I have converted a Tensorflow model to Tensorflow JS and tried using in the browser. There are some preprocessing steps which are to be executed on the inout before feeding it to the model for inference. I have implemented these steps same as the Tensorflow. The problem is the inference results are not same on TF JS in comparison with Tensorflow.

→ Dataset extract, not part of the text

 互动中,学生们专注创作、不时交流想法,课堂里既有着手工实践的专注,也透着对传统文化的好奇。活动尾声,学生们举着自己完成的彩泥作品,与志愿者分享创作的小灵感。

So I have started debugging the code and found that the results from the floating point arithmetic operations in the preprocessing on TF JS are different from the Tensorflow which is running on Docker container with GPU. Code used in the TF JS is below.

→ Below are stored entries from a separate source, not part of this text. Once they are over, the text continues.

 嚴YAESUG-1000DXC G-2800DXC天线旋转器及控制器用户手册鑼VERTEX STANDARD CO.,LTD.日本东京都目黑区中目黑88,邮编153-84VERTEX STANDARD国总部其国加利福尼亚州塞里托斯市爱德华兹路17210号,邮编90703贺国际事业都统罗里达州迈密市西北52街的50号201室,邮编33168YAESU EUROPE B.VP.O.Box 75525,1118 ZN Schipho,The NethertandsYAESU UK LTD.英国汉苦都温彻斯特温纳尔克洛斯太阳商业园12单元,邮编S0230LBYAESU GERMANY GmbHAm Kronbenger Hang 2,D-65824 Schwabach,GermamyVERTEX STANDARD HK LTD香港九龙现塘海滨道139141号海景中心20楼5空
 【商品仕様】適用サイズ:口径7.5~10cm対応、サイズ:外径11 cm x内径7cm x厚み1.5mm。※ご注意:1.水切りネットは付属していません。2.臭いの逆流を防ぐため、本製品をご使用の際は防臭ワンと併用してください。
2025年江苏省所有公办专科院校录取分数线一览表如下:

var tensor3d = tf.tensor3d(image,[height,width,1],'float32')
var pi= PI.toString();
if(bs == 14 && pi.indexOf('1') != -1 ) {
tensor3d = tensor3d.sub(-9798.6993999999995).div(7104.607118190255)
}
else if(bs == 12 && pi.indexOf('1') != -1) {
tensor3d = tensor3d.sub(-3384.9893000000002).div(1190.0708513300835)
}
else if(bs == 12 && pi.indexOf('2') != -1) {
tensor3d = tensor3d.sub(978.31200000000001).div(1092.2426342420442)
}
var resizedTensor = tensor3d.resizeNearestNeighbor([224,224]).toFloat()
var copiedTens = tf.tile(resizedTensor,[1,1,3])
return copiedTens.expandDims();
Python code blocks used
ds = pydicom.dcmread(input_filename, stop_before_pixels=True)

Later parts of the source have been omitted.